A crew member in attendance told a tale of sabotage:

“There were a few cars chasing us all the time. I’m Russian actually, so I was kind of embarrassed because of that, so I went up to them and said, ‘What are you doing? You’re embarrassing me and all the Russians, and we know you’re following us.’ They just acted like nothing was going on.

 

“We were actually laughing about it all the time,” she continued, “and going to this one restaurant every evening. But when we got back we figured out that actually every night we were sitting in the restaurant they were entering our hotel rooms. They managed to destroy all the [memory] discs we were using to film. We just figured it out when we got back to Moscow and when we sent the discs back to the Netherlands they couldn’t open them. When the Sony company, in the end, opened them they saw they were scratched. . . . Well we flew back and filmed everything again in one day, . . . but that was really frightening.”

Project participant Valery Molozov

Project participant Valery Molozov

When asked whether members of the International Olympic Committee had seen the film, Pool said he did not know, however: “For me it’s a big question why they organise those Olympic games in countries like Russia or in Beijing. I really don’t understand. It has to do with a lot of money. You know there’s a lot of corruption.”

“What do you think about boycotting the games?” posed another member of the audience.

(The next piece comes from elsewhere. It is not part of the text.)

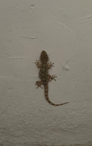 Während meiner Kabelverlegearbeiten ist mir auch Mr. Gee wieder begegnet. Ich hatte ihn schon vermisst. Als ich im Sommer vor der brüllenden Sonne flüchtete und mich mit meinem Computer im vorderen Teil der Höhle breit machte, krabbelte der Gecko immer mal wieder an der Wand hinter meinen Monitoren herum. Mangels anderer Gesprächspartner habe ich das Tier dermaßen zugetextet, dass ich bei meiner Abreise sicher war, er versteht inzwischen Deutsch. |

“Boycotting the games, I don’t know,” responded Pool. “You have to protest. If you’re going there as a supporter or as a politician you have to discuss these things. I think that’s very, very important. . . . I think it’s very important not to shut your mouth, but to discuss it and to get it in the open. It’s terrible for those workers, because they’re paying for the Olympic games, actually. . . . It’s really a shame out there.”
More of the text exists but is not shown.